Bark beetle effects on fire regimes depend on underlying fuel
modifications in semiarid systems
Abstract
Although natural disturbances such as wildfire, extreme weather events,
and insect outbreaks play a key role in structuring ecosystems and
watersheds worldwide, climate change has intensified many disturbance
regimes, which can have compounding negative effects on ecosystem
processes and services. Recent studies have highlighted the need to
understand whether wildfire increases or decreases after large-scale
beetle outbreaks. However, observational studies have produced mixed
results. To address this, we applied a coupled ecohydrological-fire
regime-beetle effects model (RHESSys-WMFire-Beetle) in a semiarid
watershed in the western US. We found that surface fire probability and
fire size decreased in the red phase (0-5 years post-outbreak),
increased in the gray phase (6-15 years post-outbreak), and depended on
mortality level in the old phase (one to several decades post-outbreak).

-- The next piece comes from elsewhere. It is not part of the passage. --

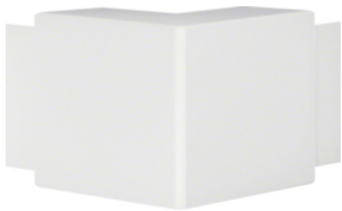
Angle extérieur, LF/FB 60110, blanc paloma

In the gray and old phases, surface fire size and probability did not
respond to low levels of beetle-caused mortality (<=20%),
increased during medium levels of mortality (>20% and
<=50%), and remained elevated but did not change with
mortality (during the gray phase) or decreased (during the old phase)

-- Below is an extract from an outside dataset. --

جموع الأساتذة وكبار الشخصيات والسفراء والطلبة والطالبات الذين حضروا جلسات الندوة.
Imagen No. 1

when mortality was high (>50%). Wildfire responses also
depended on fire regime. In fuel-limited locations, fire typically
increased with increasing fuel loads, whereas in fuel-abundant
(flammability-limited) systems, fire sometimes decreased due to
decreases in fuel aridity. This modeling framework can improve our
understanding of the mechanisms driving wildfire responses and aid
managers in predicting when and where fire hazards will increase.